From the data below, copy exactly the lines that lie between the one holding "The medical field" and the one holding "Greater kudu drinks", including both, and nothing more.

Segment Start: Records to process

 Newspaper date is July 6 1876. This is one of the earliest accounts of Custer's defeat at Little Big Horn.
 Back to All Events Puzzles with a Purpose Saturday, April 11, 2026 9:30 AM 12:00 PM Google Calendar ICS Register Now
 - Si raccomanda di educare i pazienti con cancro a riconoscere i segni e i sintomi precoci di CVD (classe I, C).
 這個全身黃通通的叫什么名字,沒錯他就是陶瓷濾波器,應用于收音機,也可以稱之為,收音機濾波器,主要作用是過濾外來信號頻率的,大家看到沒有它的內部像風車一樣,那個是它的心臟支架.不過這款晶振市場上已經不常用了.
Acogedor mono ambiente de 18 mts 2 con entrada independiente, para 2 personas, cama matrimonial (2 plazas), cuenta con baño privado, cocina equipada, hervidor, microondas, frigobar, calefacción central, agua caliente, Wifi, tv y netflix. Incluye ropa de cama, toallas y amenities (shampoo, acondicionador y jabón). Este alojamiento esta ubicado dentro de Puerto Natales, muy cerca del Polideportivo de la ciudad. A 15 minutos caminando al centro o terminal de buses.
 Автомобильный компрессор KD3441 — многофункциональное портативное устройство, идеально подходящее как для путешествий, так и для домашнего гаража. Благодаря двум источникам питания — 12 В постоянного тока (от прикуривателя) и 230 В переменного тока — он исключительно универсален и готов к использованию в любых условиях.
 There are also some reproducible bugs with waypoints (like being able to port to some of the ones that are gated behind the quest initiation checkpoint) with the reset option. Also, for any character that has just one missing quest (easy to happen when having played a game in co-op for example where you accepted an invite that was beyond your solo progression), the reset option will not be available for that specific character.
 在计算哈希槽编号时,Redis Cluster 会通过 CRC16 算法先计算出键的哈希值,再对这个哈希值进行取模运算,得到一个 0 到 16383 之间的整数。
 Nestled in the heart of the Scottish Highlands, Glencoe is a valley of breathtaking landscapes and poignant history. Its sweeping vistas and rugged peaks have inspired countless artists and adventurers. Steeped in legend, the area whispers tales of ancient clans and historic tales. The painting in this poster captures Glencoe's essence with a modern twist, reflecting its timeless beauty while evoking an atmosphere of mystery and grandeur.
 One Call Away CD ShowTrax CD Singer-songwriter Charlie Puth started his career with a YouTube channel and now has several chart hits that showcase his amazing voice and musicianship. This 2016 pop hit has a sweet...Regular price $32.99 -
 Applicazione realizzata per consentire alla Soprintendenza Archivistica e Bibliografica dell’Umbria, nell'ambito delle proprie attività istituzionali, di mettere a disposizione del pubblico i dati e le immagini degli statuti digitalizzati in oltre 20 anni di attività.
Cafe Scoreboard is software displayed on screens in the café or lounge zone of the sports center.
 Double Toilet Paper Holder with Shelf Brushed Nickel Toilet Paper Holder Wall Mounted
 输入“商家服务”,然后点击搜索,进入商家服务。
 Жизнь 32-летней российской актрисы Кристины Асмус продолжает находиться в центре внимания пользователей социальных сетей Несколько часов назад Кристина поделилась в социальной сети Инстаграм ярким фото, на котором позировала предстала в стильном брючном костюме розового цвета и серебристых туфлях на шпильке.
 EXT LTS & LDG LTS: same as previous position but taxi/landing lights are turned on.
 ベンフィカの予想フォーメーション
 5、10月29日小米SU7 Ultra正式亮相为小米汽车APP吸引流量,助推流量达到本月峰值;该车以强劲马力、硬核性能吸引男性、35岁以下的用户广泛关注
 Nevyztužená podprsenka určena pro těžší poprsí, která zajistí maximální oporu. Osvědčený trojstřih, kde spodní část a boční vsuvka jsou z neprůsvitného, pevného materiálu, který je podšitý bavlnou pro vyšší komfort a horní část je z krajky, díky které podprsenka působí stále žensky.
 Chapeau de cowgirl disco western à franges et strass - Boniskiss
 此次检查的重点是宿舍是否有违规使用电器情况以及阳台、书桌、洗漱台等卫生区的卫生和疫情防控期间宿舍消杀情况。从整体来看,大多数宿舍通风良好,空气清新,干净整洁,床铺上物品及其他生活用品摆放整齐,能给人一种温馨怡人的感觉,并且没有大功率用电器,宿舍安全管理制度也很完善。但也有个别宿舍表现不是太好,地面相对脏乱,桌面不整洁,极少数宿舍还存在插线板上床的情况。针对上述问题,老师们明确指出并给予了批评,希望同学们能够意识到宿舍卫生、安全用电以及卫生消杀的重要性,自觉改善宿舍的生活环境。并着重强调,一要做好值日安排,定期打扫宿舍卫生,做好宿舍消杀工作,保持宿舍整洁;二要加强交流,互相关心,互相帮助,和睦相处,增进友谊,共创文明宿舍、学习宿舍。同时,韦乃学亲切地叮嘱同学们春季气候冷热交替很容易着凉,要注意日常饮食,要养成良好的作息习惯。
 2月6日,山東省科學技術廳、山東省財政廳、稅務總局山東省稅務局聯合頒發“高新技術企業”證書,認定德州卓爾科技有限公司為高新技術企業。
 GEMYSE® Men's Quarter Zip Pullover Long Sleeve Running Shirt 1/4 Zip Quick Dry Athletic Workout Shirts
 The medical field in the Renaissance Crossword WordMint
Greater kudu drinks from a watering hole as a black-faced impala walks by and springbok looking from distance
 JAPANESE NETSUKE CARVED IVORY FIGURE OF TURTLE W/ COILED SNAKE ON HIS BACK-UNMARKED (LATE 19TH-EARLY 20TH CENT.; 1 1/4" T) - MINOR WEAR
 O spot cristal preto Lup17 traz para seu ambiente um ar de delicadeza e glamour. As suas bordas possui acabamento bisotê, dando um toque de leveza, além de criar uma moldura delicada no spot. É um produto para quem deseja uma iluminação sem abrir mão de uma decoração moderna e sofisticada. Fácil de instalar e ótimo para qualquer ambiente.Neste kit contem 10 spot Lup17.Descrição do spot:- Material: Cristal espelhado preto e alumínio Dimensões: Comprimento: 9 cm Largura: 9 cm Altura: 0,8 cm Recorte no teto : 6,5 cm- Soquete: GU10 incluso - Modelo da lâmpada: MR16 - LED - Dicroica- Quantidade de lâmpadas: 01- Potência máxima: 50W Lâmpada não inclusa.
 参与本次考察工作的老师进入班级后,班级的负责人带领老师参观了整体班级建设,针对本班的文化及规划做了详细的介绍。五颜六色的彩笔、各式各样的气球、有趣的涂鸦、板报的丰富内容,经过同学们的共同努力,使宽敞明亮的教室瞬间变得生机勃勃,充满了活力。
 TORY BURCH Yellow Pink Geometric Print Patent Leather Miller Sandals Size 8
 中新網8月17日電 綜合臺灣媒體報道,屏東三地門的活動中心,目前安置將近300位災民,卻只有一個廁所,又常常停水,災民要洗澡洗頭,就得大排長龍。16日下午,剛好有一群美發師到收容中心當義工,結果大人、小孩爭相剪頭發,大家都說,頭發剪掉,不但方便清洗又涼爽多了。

Segment End: Records to process

Answer for the task:
 The medical field in the Renaissance Crossword WordMint
Greater kudu drinks from a watering hole as a black-faced impala walks by and springbok looking from distance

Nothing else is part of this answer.